Adaptive HTTP Streaming media is split up into many small segments (or "chunks"). Each media segment contains a few seconds of the media. Segments are loaded into a media player as they become needed. Media segments are fetched from a server using regular HTTP requests. The media is usually provided in several qualities (or bitrates) to accommodate playing the media during different network conditions.
The advantages of Adaptive HTTP Streaming is:
The media is available in different qualities. Segments with the same index has the same duration for all qualities, making it possible for the player to change media quality at the end of each segment played.
PureLoad/PureTest, and of course real media players, first reads meta data about the stream to determine what qualities are available and to construct URLs for the media segments to be downloaded. Meta data files are usually referred to as Manifests. Manifest files are fetched using HTTP requests.
Different streaming protocols have different formats for the
manifests. Some streaming protocols may also split manifests into
several files making it necessary to do several HTTP requests to
acquire the information. Other protocols use only one manifest
file for all the necessary information.
Some streaming protocols have different streams for audio and
video. This allows e.g. for supporting different languages. There
is one media playlist manifest for each audio stream as well as
for each video stream. When separate audio is present, audio and
video are downloaded and run in parallel.
A real-world media player will choose to download Media Segments
of the best possible quality with respect to network throughput.
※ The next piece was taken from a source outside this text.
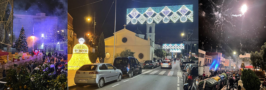 Este año se están multiplicando los adornos de Navidad en las calles del municipio, como en la barriada San Cristóbal, donde es novedad el cartel luminoso de 'Felices fiestas', mientras, árboles adornados 'brotan' en las plaza Alicante y de la barriada de San Ginés, habiendo sido instalados por la concejalía de Festejos.

As network throughput increases, higher quality media will be
downloaded. This behavior is not desirable during load testing
since test runs must be comparable.
When constructing a HTTP Streaming Load Test, a fixed
media quality is chosen for a fixed number of Media
Segments. In this way two test runs will demand the exact same
amount of bandwidth. This makes it possible to compare test
runs on, for instance, things like the total slack/sleep time or
the number of failed downloads.
To mimic adaptivity the media quality can be set up to
change as desired using the HttpStreamingXyzSetQualityTask (example here). This means
that you could have a scenario that always plays like this:
In cases where you do want the test to automatically adapt the
quality depending on actual network bandwidth, this can be done by
configuring an Expected Bitrate, Downshift Threshold,
Upshift Threshold and Consecutive Threshold Exceedings
in the HttpStreamingXyzSetQualityTask.
When a segment is downloaded the actual bit rate is measured. If
the actual bit rate is lower than the downshift threshold for the
specified number of consecutive times, a downshift will occur. And
similarly if the actual bit rate is higher than the upshift
threshold.
For example say that an expected bit rate of 1000 kbits per second
is specified. If the bit rate downloading a segment is more than
1500 kbits per second an upshift will be done, etc.
Down or up-shift will only be done if possible (as specified by
read manifests) and never to a higher quality than what is set as
Media Quality in the HttpStreamingXxxSetQualityTask.
To simplify test set up and execution there are no parameters to control audio in the load tests. If there is separate audio media, the first available audio playlist will be chosen. Audio media is then downloaded together with video in a way that guarantees the audio to run at least as long as the loaded video segments.
A comparison between load test execution and player behavior.
PureLoad/PureTest loads a Media Segment after the previous segment
has finished. It then sleeps the time that remains of the
currently loaded media segment's running time.